When I taught high school, my 11th-grade American Literature students might drowse through the Puritan poets or Longfellow. But let me start teaching Edgar Allan Poe, and those kids were on the edges of their seats. Not one student ever told me they had had enough of Poe.
Yet his writings were macabre, dark, depressing. Someone is bricked up to die in the cellar. A tell-tale heart beats underground. A raven is rapping at your chamber door “once upon a midnight dreary.”
Yet we cry, “Give me more, give me more!” Sometimes I would like to reply, “Nevermore! Nevermore!” (Kudos to those who get the Poe reference.)
I know I am in the minuscule minority, but I don’t like for my children to tell ghost stories or watch scary things on TV. They still inevitably do when the cousins get together. “Scared?” you may ask. Goodness, no. My hubster laughs at my irrational fear of mice because he considers me a woman who is pretty much fearless and would fight a roomful of literal demons.
But I believe that what we fill our minds with becomes a part of us. To make a Sunday School reference, the Bible tells us to think on things that are lovely, pure, honest, praiseworthy. It also says that however a man thinks in his heart, so will he become.
Whether or not you subscribe to the Good Book, you must admit that even logic tells us that whatever we feed ourselves is what we become. Junk food will eventually beget a junky body. I tend to believe that theory holds true for things that go deeper than the physical.
A Purdue University professor, Glenn Sparks, did extensive research on how scary movies affect us physiologically. He found that palms sweat, heartbeats increase as much as 15 beats per minute, muscles tense up, skin temperature drops several degrees and blood pressure spikes. Sparks says that although we tell ourselves what we’re seeing is not real, our brain hasn’t adapted to technology and still reacts as though what we see is factual.
Shouldn’t we be conditioned to seek things to give us pleasure rather than what elicits these unpleasant side effects of fright? Being thrilled AND scared is paradoxical, isn’t it?
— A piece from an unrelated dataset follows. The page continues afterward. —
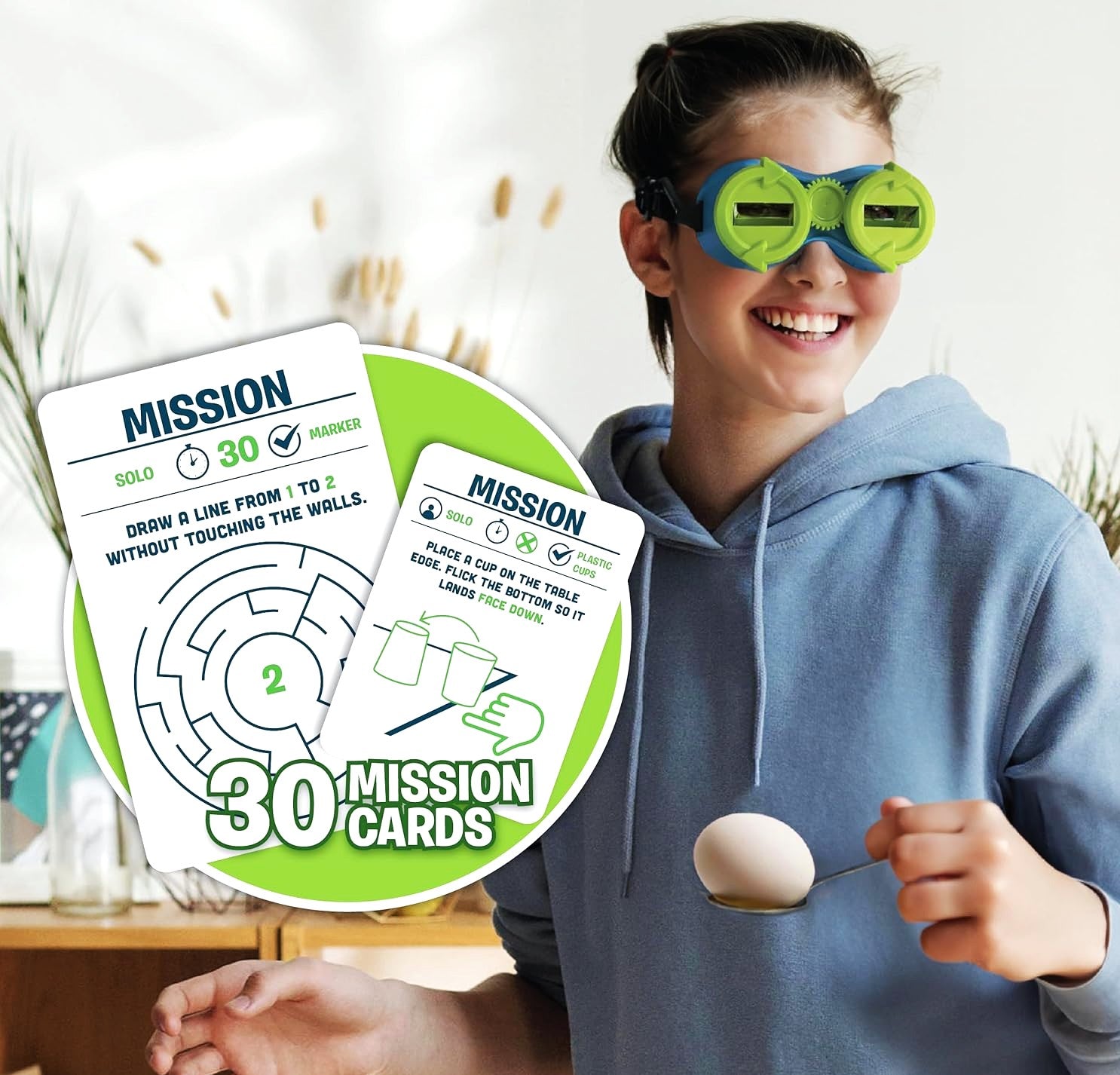 This game is great for kids but also makes for a fun family game night or a memorable gathering with friends.  And don't worry if you wear glasses these vision goggles can fit over them - so everyone can play!

Media researchers have found that indulging in this type of media actually makes the viewer feel more hostile, view life in a more hostile way and be haunted by the images that have entered their brains to make a memory—whether real or not.
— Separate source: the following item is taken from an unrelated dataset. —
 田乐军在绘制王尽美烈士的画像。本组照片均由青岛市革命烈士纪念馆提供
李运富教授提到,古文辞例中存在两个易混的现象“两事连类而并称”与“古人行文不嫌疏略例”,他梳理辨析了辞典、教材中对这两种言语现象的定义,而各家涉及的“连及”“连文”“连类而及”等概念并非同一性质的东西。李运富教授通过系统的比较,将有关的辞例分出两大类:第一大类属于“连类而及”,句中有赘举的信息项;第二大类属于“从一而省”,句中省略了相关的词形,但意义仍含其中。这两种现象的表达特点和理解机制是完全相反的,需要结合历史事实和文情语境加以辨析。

Joanne Cantor, PhD, director of the Center for Communication Research at University of Wisconsin, Madison, is acclaimed as an expert in this subject. She has found in surveys of her students that almost 60 percent of them admit that scary things they watched before age 14 had created disturbances for them, both while sleeping and awake, to this present day. She notes hundreds of students who have told her they became afraid of clowns or battled horrible images running obsessively through their minds for years after watching frightening movies.
Her thought is that the brain possibly stores the movie images as memories in the amygdala—the storehouse of memories which generates emotions based on them. If this is true, the same emotional problems that can be caused by memories of actual trauma from childhood can also be caused by memories of fake violent, frightening images in movies since the brain may not be able to differentiate between reality and the big screen.
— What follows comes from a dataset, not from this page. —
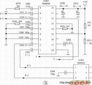 仔细查看原机线路图(见图1)。原高压包引脚功能如表1。参考现有的高压包引脚功能,决定用海信TC2918D的高压包BSC-N2420A来代换。海信TC2918D的高压包线路原理图及引脚功能分别见图2和表2。对比之下基本上无需大的改动。代换高压包并更换R425、R341、R321、D305后试机,呈水平亮线。又查得场输出集成块IC401(TDA3654)烧裂,更换后再试机,出现满屏白光。根据经验,高压包损坏的同时IC304(TDA3504)很可能损坏。于是代换IC304后试机,图像终于出现了,但全部是黑白图像。开机实测有关色度处理IC301(TDA4565)(10)脚和IC302(TDA4555)(13)脚供电脚均为10.5v。高压包(6)脚输出整流后的电压为+32V,比原机+27V偏高,(7)脚输出整流后的电压为+13v,比原机+15v偏低。决定先把电压恢复正常。(6)脚输出整流后的电压偏高5v,决定减少高压包的线圈匝数。在高压包的磁芯上用绝缘良好的导线绕了5圈,然后与(6)脚反方向串联后再整流,实测电压降至+27V。(7)脚输出整流后的电压偏低2V,试将原(7)脚外限流电阻R436由8.2Ω改为2.7Ω,实测ZD402的负端升至+12V,但试机仍无彩色出现。复查有关色度处理,测得IC301(10)脚和IC302(13)脚电压都升至+12V。正常。为了迅速缩小故障范围,如图3所示短接了IC301(1)脚R—Y输入和(8)脚R—Y输出、(2)脚B—Y输入和(7)脚B—Y输出、(17)脚Y输入和(12)脚输出后试机,彩色出现,但彩色。更换IC301后彩色恢复正常。再观察图像,发现行幅窄。调节行幅和枕校电位器VR402、VR403,效果不理想。最后在逆程C411(0.01μF/1600V)两端并联了一只472的后,行幅恢复正常。

That makes me question how many adults are struggling through life with depression or anxiety and panic attacks or horrible nightmares and sleepless nights because their brain stored up the scary movie images as real. These people wonder what’s wrong with them and wonder how to get to the root of the darkness in their lives……never thinking to question the horror movies and scary images they filled themselves with once upon a time……
I know, I know—I’m a spoil sport on Halloween, aren’t I? Go ahead and see the latest horror movie without me; at least you’ll save money by not having to buy me a ticket. Keep the machete; I’m running through fields of daisies. And the only man with a golden arm that I’ll acknowledge is whoever wins the Cy Young Award next baseball season.